Staying the the same classifier, the user can apply the same classification rule, but for a different number of classes:

[47]:
mc.MaximumBreaks(y, k=7)
[47]:
MaximumBreaks

     Interval        Count
--------------------------
[   0.13,  146.00] |    50
( 146.00,  228.49] |     2
( 228.49,  291.02] |     1
( 291.02,  350.21] |     2
( 350.21,  546.67] |     1
( 546.67, 2417.15] |     1
(2417.15, 4111.45] |     1
[48]:
mb7 = mc.MaximumBreaks(y, k=7)
[49]:
mb7.bins
[49]:
array([ 146.005,  228.49 ,  291.02 ,  350.21 ,  546.675, 2417.15 ,
       4111.45 ])
[50]:
mb7.counts
[50]:
array([50,  2,  1,  2,  1,  1,  1])
[51]:
mb7.yb
[51]:
array([3, 0, 0, 0, 0, 0, 1, 0, 0, 0, 0, 0, 0, 0, 0, 0, 0, 0, 4, 0, 0, 0,
       0, 0, 0, 0, 0, 0, 0, 5, 0, 0, 0, 1, 0, 0, 0, 6, 0, 0, 3, 0, 2, 0,
       0, 0, 0, 0, 0, 0, 0, 0, 0, 0, 0, 0, 0, 0])

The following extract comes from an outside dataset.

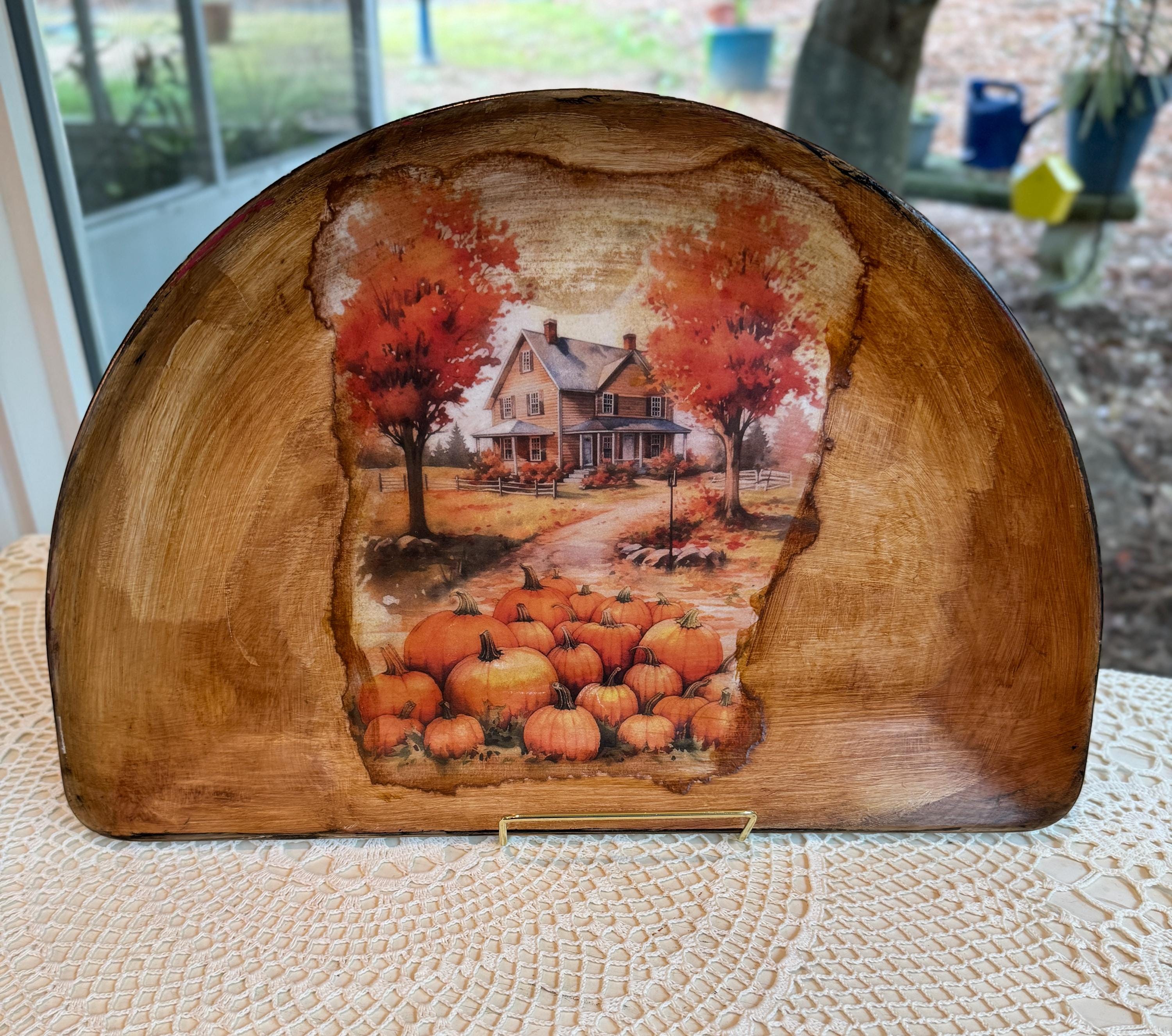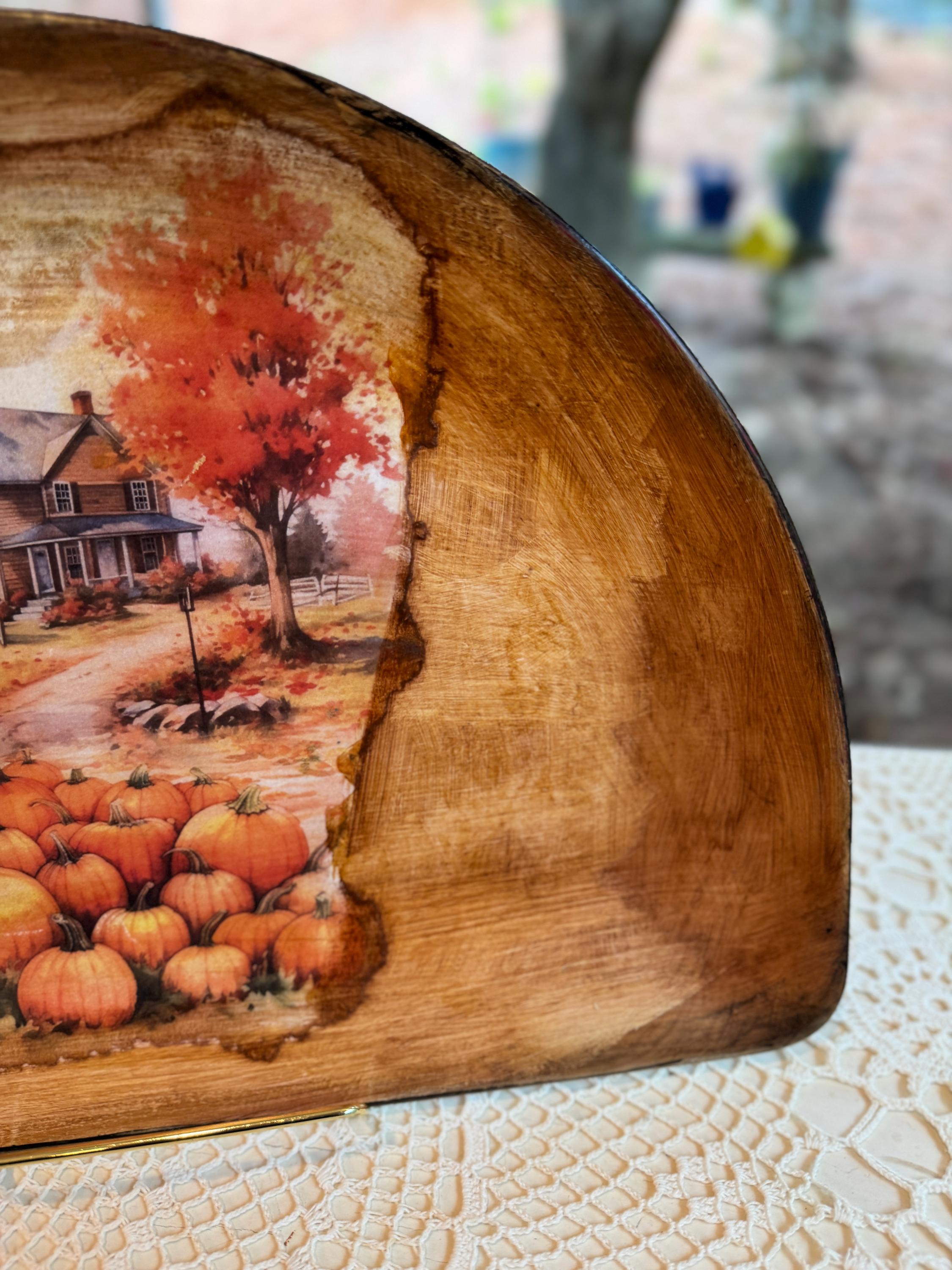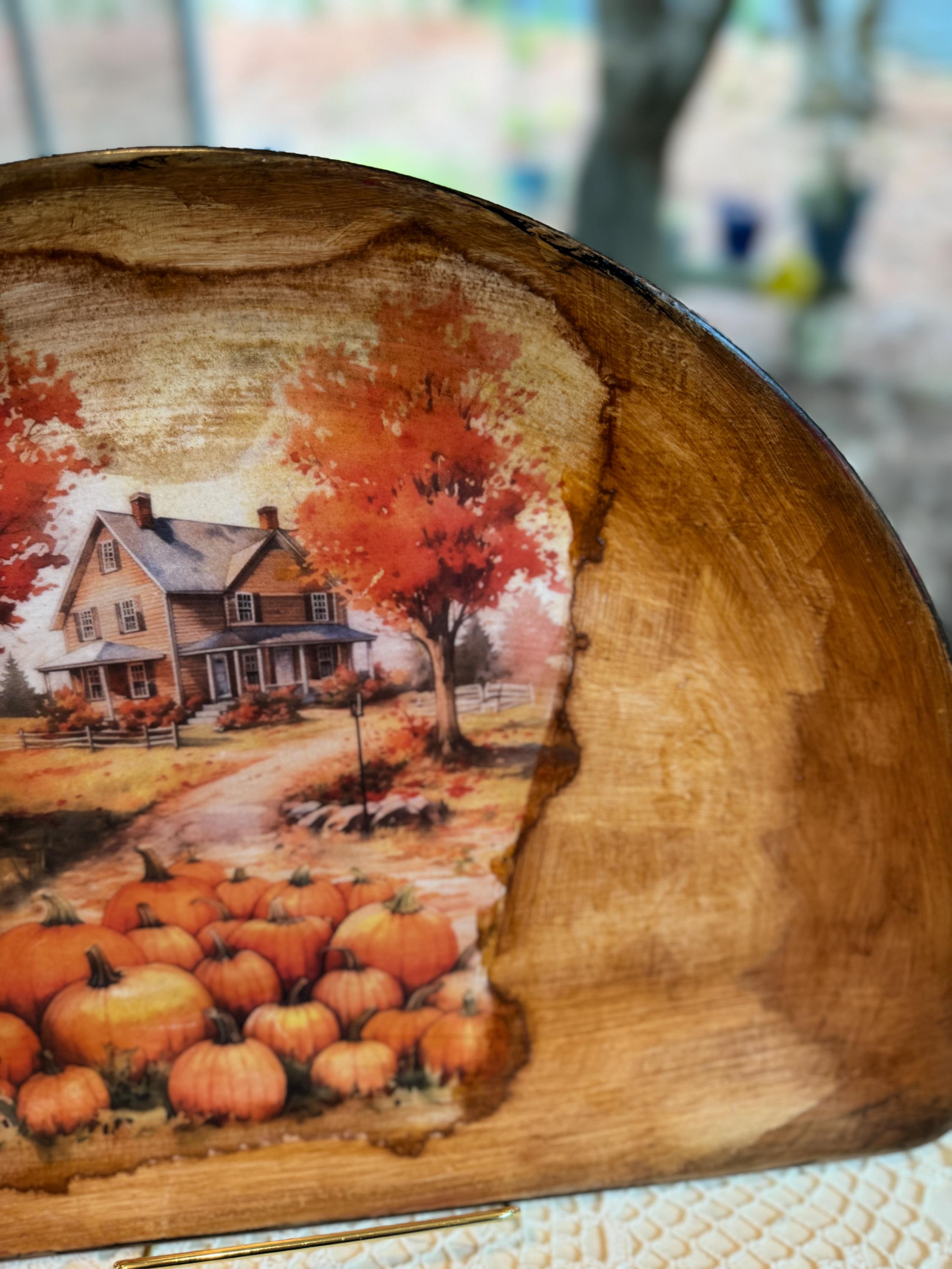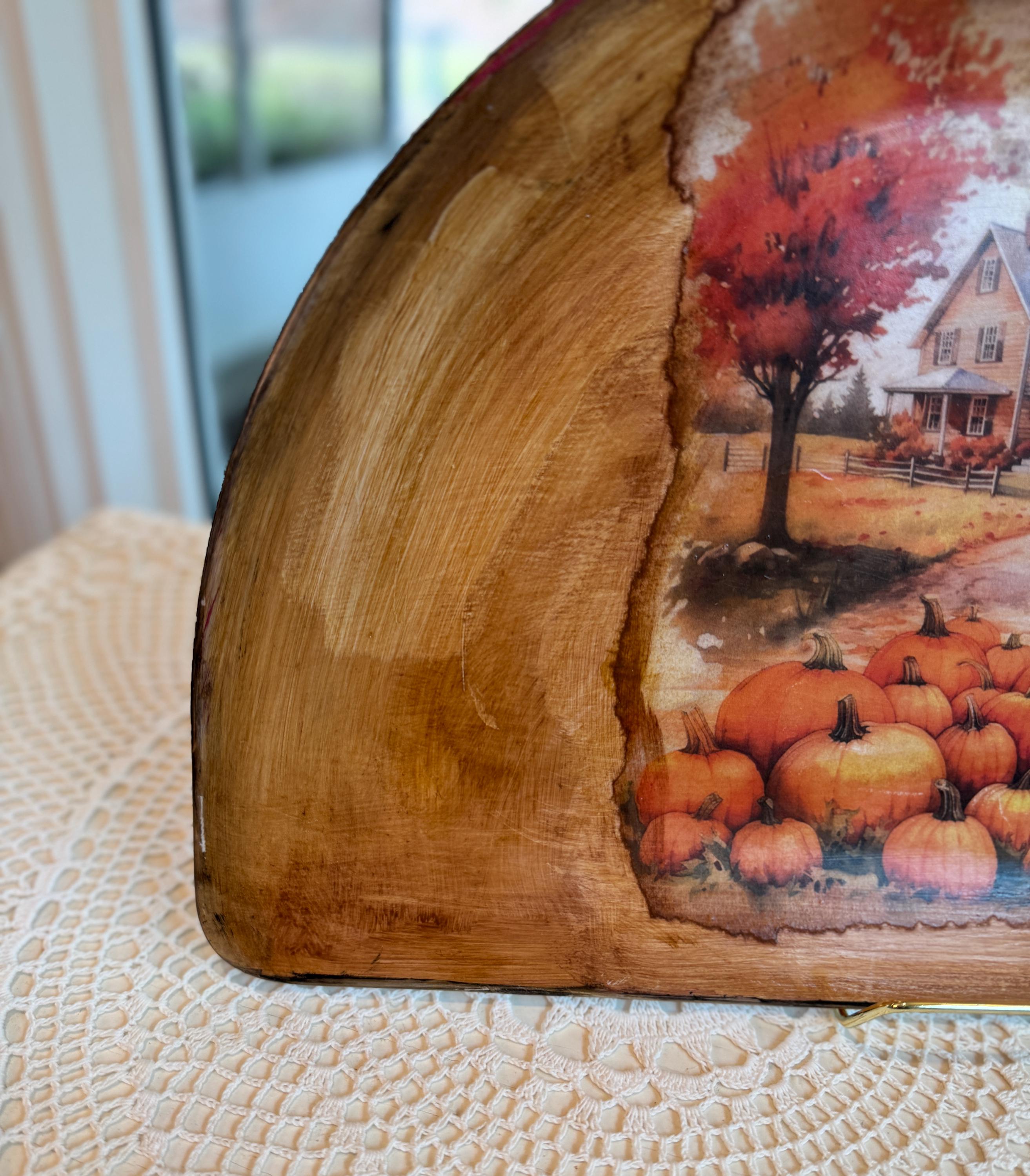 This beautiful, upcycled wooden tray is a unique find, perfect for adding rustic charm to your fall decor. A thrift store find, this tray has been lovingly transformed with a charming decoupage design featuring a farmhouse, autumn trees, and a bountiful harvest of pumpkins. It serves as a wonderful decorative piece for a tiered tray, coffee table, or as a festive serving platter for the season. The tray's semi-circular shape and warm, natural wood finish complement the classic fall scene, making it a cozy addition to any home.

One additional attribute to mention here is the adcm attribute:

[43]:
mb7.adcm
[43]:
727.3200000000002

adcm is a measure of fit, defined as the mean absolute deviation around the class median.

[44]:
mb4.adcm
[44]:
1181.4900000000002

The adcm can be expected to decrease as \(k\) increases for a given classifier. Thus, if using as a measure of fit, the adcm should only be used to compare classifiers defined on the same number of classes.

Next Steps

MaximumBreaks is but one of many classifiers in mapclassify:

[53]:
mc.classifiers.CLASSIFIERS
[53]:
('BoxPlot',
 'EqualInterval',
 'FisherJenks',
 'FisherJenksSampled',
 'HeadTailBreaks',
 'JenksCaspall',
 'JenksCaspallForced',
 'JenksCaspallSampled',
 'MaxP',
 'MaximumBreaks',
 'NaturalBreaks',
 'Quantiles',
 'Percentiles',
 'StdMean',
 'UserDefined')

To learn more about an individual classifier, introspection is available:

[54]:
mc.MaximumBreaks?
Init signature: mc.MaximumBreaks(y, k=5, mindiff=0)
Docstring:
Maximum Breaks Map Classification

Parameters
----------
y  : array
     (n, 1), values to classify

k  : int
     number of classes required

mindiff : float
          The minimum difference between class breaks

Attributes
----------
yb : array
     (n, 1), bin ids for observations
bins : array
       (k, 1), the upper bounds of each class
k    : int
       the number of classes
counts : array
         (k, 1), the number of observations falling in each class (numpy
         array k x 1)

Examples
--------
>>> import mapclassify as mc
>>> cal = mc.load_example()
>>> mb = mc.MaximumBreaks(cal, k = 5)
>>> mb.k
5
>>> mb.bins
array([ 146.005,  228.49 ,  546.675, 2417.15 , 4111.45 ])
>>> mb.counts
array([50,  2,  4,  1,  1])
File:           ~/Dropbox/p/pysal/src/subpackages/mapclassify/mapclassify/classifiers.py
Type:           type
Subclasses:

For more comprehensive appliciations of mapclassify the interested reader is directed to the chapter on choropleth mapping in Rey, Arribas-Bel, and Wolf (2020) “Geographic Data Science with PySAL and the PyData Stack”.